I was trying to stay close to the man in grey. He hadn’t said one word or acknowledged me in any way. As I walked between two central pews, a man in a worn brown suit reached for me and called out, “Help me, nurse. For God’s sake, stop and help me.” I kept my head down and pretended not to hear in case blood started pouring out of him. This was a hospital, after all.
I was suddenly brought face to face with Emmy Lusk, chief ward aide of the Outpatient Clinic. The overalled man turned on one heel and retreated around the corner.
“Don’t mind him,” said Emmy Lusk. “He never talks to anybody. He’s one brick short of a load. So you’re my summer student.” She did not pause for breath. “You’re s’posed to follow me around. Fat chance you’d get a real orientation. They make sure we’re shorthanded, they even intend it.
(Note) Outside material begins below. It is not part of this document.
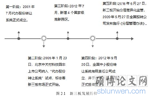 同年年底,证监会宣布新三板面向所有公司开放,并将其服务直径从四个高新技术园区延长到全国范围,打破了空间和地域上的物理限制。正式成为全国性场外交易市场,新三板致力于为非上市提供股票交易、定向融资、并购服务,同时也为市场参与者提供信息、技术培训等其他相关服务。新三板的发展历经五个阶段,如图 2.1 所示:

When we get a student, we’re s’posed to be grateful. But what they pay keeps us so broke we couldn’t buy a pair of leggings for a hummingbird. Your pay’s even less,” she said, and jabbed me in the arm with one finger.
On two sides of the room, lab-coated men were moving from one examining area to another, each space divided from the next by beige curtains hung from a network of tracks that criss-crossed the ceiling. Because the curtains hung well above the floor, I could see knees—countless bare feet and knees. All manner of legs. On the fourth side of the room, traffic flowed towards and away from the nurses’ station. There were three examining rooms beyond that and, at the end, two elevators.
Emmy Lusk pointed to her smock of solid blue, telling me that the aides were one level below orderlies, who wore white. She told me that the patients in the pews couldn’t tell one outfit from another. “They think we’re all nurses and doctors,” she said. “You have to get used to it.” I thought of the man in the brown suit but did not tell Emmy that he’d cried out for help when I’d passed.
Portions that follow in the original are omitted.